**What to produce:**
In the entries below, find the line with "此為松石鈕子,淺綠、色圓潤,中有穿孔。" and the line with "KPU Kabupaten Wonosobo melaksanakan". Repeat exactly everything between them, those two lines included, but not the pictures.

**Material shown:**

□ □ □

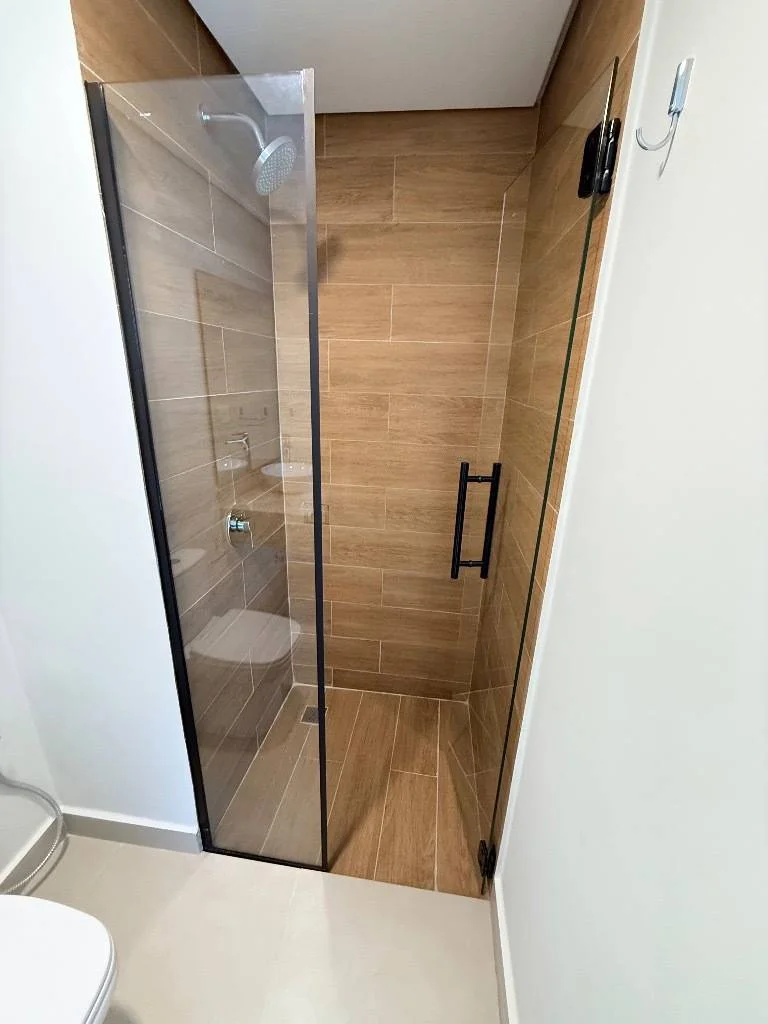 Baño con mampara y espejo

□ □ □

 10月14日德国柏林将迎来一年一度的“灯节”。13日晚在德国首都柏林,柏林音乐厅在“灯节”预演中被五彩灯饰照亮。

□ □ □

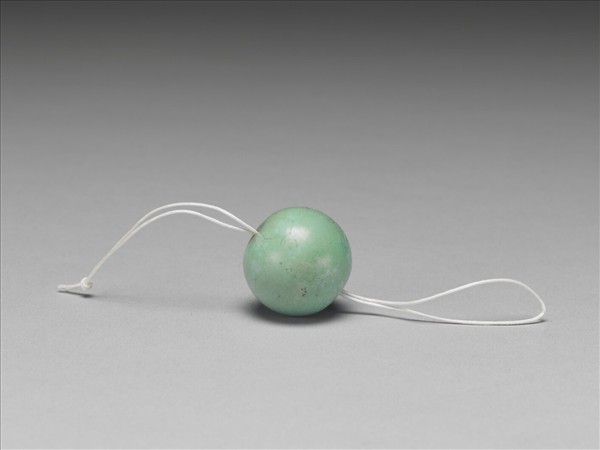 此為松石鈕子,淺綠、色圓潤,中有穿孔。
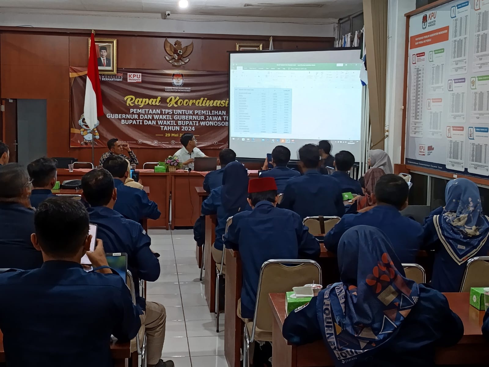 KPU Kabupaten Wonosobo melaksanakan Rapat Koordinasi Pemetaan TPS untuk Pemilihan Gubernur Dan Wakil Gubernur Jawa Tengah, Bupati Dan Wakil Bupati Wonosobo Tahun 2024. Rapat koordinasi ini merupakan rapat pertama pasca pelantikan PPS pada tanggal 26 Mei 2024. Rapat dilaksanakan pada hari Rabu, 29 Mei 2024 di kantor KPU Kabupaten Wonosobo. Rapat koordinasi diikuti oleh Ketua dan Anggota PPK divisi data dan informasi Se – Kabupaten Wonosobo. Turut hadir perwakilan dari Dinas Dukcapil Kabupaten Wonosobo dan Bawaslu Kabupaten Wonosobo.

□ □ □

**The completed task:**
 此為松石鈕子,淺綠、色圓潤,中有穿孔。
 KPU Kabupaten Wonosobo melaksanakan Rapat Koordinasi Pemetaan TPS untuk Pemilihan Gubernur Dan Wakil Gubernur Jawa Tengah, Bupati Dan Wakil Bupati Wonosobo Tahun 2024. Rapat koordinasi ini merupakan rapat pertama pasca pelantikan PPS pada tanggal 26 Mei 2024. Rapat dilaksanakan pada hari Rabu, 29 Mei 2024 di kantor KPU Kabupaten Wonosobo. Rapat koordinasi diikuti oleh Ketua dan Anggota PPK divisi data dan informasi Se – Kabupaten Wonosobo. Turut hadir perwakilan dari Dinas Dukcapil Kabupaten Wonosobo dan Bawaslu Kabupaten Wonosobo.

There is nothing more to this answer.